§ **EXERCISE**: Your answer must be the full listing, reproduced exactly, minus any pictures.
-------- DATA
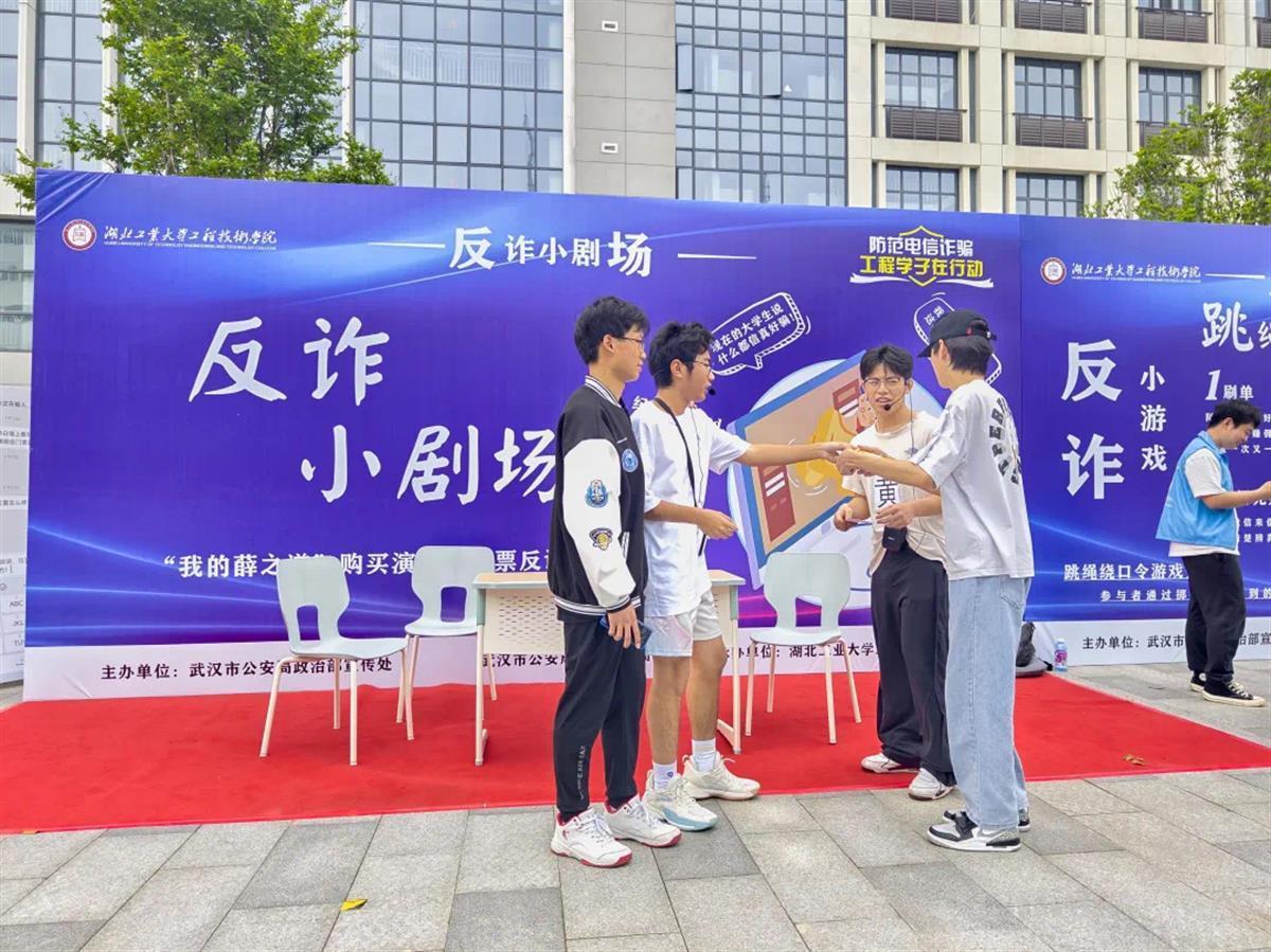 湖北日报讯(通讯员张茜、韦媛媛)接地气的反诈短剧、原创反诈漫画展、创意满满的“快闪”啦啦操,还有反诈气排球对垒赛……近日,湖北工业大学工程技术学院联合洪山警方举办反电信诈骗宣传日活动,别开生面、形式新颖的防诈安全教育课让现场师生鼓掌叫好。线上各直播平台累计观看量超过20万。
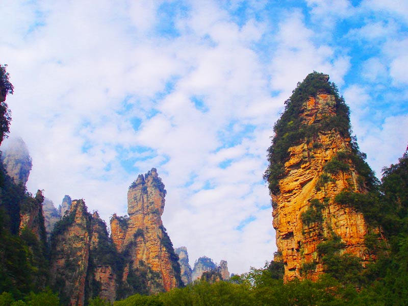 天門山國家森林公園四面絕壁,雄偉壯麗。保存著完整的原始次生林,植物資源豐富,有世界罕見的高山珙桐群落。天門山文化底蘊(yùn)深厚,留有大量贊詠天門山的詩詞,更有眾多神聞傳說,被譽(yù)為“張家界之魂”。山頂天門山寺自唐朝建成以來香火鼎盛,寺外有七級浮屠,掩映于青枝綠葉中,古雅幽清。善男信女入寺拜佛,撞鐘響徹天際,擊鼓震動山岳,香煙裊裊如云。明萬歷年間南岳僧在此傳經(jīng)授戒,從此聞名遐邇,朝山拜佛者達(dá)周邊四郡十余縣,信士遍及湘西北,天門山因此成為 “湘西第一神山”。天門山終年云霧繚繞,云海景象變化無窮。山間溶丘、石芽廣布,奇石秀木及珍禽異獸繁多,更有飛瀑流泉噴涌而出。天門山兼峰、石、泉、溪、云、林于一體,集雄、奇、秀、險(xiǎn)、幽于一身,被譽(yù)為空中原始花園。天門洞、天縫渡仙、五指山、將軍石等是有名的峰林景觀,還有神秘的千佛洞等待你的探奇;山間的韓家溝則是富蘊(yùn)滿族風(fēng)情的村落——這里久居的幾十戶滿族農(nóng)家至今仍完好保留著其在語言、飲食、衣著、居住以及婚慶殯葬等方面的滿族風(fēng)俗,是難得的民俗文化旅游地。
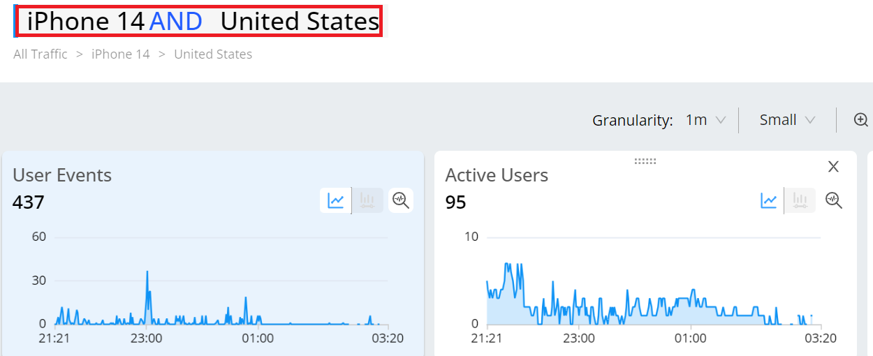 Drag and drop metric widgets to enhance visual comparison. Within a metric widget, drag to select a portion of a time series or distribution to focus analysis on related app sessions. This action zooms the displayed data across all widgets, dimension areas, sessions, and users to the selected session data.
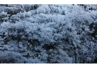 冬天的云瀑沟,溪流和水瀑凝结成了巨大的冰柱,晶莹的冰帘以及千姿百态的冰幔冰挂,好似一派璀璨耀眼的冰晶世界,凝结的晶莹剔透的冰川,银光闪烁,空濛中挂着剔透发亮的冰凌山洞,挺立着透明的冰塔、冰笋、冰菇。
----------------
§ **RESPONSE TO THIS TASK**:
 湖北日报讯(通讯员张茜、韦媛媛)接地气的反诈短剧、原创反诈漫画展、创意满满的“快闪”啦啦操,还有反诈气排球对垒赛……近日,湖北工业大学工程技术学院联合洪山警方举办反电信诈骗宣传日活动,别开生面、形式新颖的防诈安全教育课让现场师生鼓掌叫好。线上各直播平台累计观看量超过20万。
 天門山國家森林公園四面絕壁,雄偉壯麗。保存著完整的原始次生林,植物資源豐富,有世界罕見的高山珙桐群落。天門山文化底蘊(yùn)深厚,留有大量贊詠天門山的詩詞,更有眾多神聞傳說,被譽(yù)為“張家界之魂”。山頂天門山寺自唐朝建成以來香火鼎盛,寺外有七級浮屠,掩映于青枝綠葉中,古雅幽清。善男信女入寺拜佛,撞鐘響徹天際,擊鼓震動山岳,香煙裊裊如云。明萬歷年間南岳僧在此傳經(jīng)授戒,從此聞名遐邇,朝山拜佛者達(dá)周邊四郡十余縣,信士遍及湘西北,天門山因此成為 “湘西第一神山”。天門山終年云霧繚繞,云海景象變化無窮。山間溶丘、石芽廣布,奇石秀木及珍禽異獸繁多,更有飛瀑流泉噴涌而出。天門山兼峰、石、泉、溪、云、林于一體,集雄、奇、秀、險(xiǎn)、幽于一身,被譽(yù)為空中原始花園。天門洞、天縫渡仙、五指山、將軍石等是有名的峰林景觀,還有神秘的千佛洞等待你的探奇;山間的韓家溝則是富蘊(yùn)滿族風(fēng)情的村落——這里久居的幾十戶滿族農(nóng)家至今仍完好保留著其在語言、飲食、衣著、居住以及婚慶殯葬等方面的滿族風(fēng)俗,是難得的民俗文化旅游地。
 Drag and drop metric widgets to enhance visual comparison. Within a metric widget, drag to select a portion of a time series or distribution to focus analysis on related app sessions. This action zooms the displayed data across all widgets, dimension areas, sessions, and users to the selected session data.
 冬天的云瀑沟,溪流和水瀑凝结成了巨大的冰柱,晶莹的冰帘以及千姿百态的冰幔冰挂,好似一派璀璨耀眼的冰晶世界,凝结的晶莹剔透的冰川,银光闪烁,空濛中挂着剔透发亮的冰凌山洞,挺立着透明的冰塔、冰笋、冰菇。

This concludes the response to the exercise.